What is expected -
Repeat the stretch of entries below from the line with "Удлиненная футболка из" through the line with "Nechte se vtáhnout". Include both ends and add nothing.

Task material -
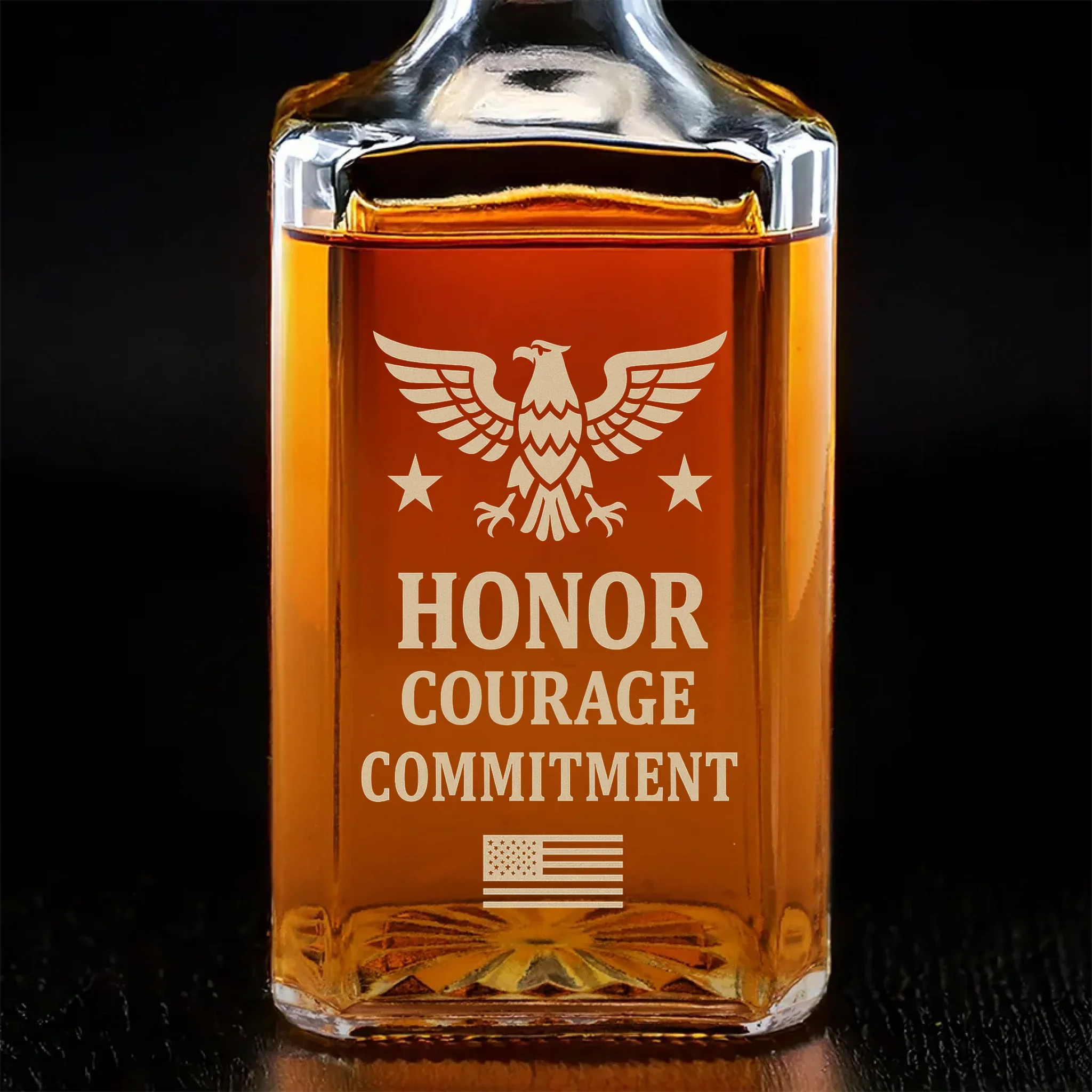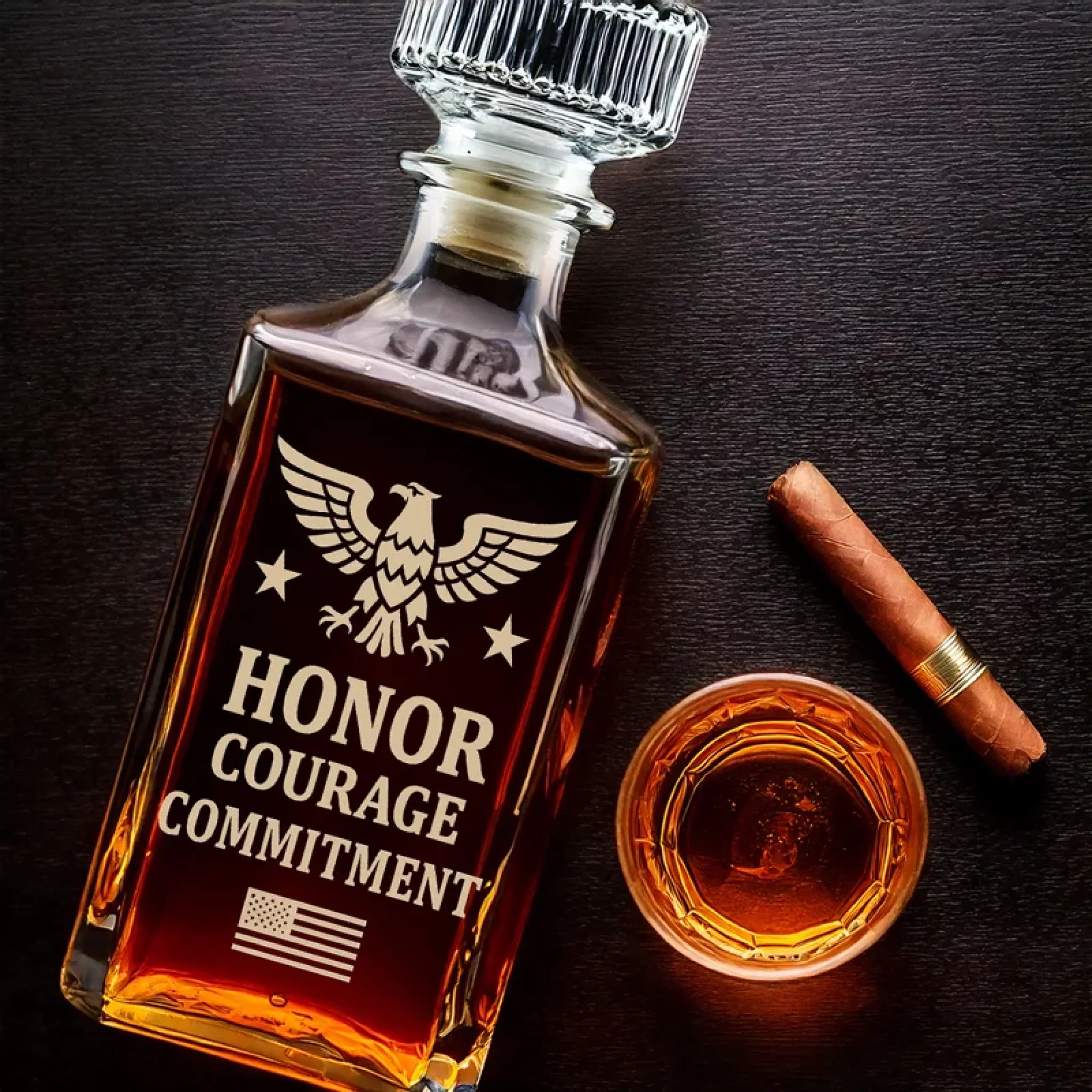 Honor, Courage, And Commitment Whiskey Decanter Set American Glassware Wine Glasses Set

==

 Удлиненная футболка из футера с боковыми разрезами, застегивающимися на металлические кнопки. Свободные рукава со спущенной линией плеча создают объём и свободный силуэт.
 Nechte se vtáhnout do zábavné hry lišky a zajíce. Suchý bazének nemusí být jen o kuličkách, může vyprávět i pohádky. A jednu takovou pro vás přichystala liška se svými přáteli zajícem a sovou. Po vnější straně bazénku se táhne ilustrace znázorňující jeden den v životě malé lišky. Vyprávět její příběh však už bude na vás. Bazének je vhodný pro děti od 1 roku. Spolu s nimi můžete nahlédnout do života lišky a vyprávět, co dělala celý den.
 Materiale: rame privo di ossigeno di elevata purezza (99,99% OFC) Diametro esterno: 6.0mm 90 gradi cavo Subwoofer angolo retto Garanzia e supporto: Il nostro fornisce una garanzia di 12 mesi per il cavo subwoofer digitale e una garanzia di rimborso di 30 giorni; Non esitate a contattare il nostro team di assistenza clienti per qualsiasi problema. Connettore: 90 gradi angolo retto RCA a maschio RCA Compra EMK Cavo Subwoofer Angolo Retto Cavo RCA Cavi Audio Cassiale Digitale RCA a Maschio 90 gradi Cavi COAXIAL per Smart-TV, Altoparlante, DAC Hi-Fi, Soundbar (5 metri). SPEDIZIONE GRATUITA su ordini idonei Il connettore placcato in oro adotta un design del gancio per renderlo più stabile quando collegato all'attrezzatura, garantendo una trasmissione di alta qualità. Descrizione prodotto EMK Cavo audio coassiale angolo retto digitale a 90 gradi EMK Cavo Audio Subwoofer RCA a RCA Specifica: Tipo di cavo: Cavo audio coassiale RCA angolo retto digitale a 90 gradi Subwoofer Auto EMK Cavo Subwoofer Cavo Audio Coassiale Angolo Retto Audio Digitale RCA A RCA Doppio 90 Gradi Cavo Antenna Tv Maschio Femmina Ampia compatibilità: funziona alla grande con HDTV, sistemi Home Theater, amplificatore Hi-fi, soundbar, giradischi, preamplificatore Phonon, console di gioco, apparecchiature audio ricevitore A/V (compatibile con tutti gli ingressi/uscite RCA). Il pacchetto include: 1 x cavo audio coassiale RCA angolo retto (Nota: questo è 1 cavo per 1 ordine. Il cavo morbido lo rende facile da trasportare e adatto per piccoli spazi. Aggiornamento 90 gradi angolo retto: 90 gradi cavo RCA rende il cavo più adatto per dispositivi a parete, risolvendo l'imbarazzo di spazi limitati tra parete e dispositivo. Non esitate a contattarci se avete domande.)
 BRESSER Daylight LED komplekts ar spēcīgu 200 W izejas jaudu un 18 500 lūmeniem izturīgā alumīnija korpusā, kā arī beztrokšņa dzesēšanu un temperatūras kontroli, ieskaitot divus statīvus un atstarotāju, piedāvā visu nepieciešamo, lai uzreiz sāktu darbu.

Result for this exercise -
 Удлиненная футболка из футера с боковыми разрезами, застегивающимися на металлические кнопки. Свободные рукава со спущенной линией плеча создают объём и свободный силуэт.
 Nechte se vtáhnout do zábavné hry lišky a zajíce. Suchý bazének nemusí být jen o kuličkách, může vyprávět i pohádky. A jednu takovou pro vás přichystala liška se svými přáteli zajícem a sovou. Po vnější straně bazénku se táhne ilustrace znázorňující jeden den v životě malé lišky. Vyprávět její příběh však už bude na vás. Bazének je vhodný pro děti od 1 roku. Spolu s nimi můžete nahlédnout do života lišky a vyprávět, co dělala celý den.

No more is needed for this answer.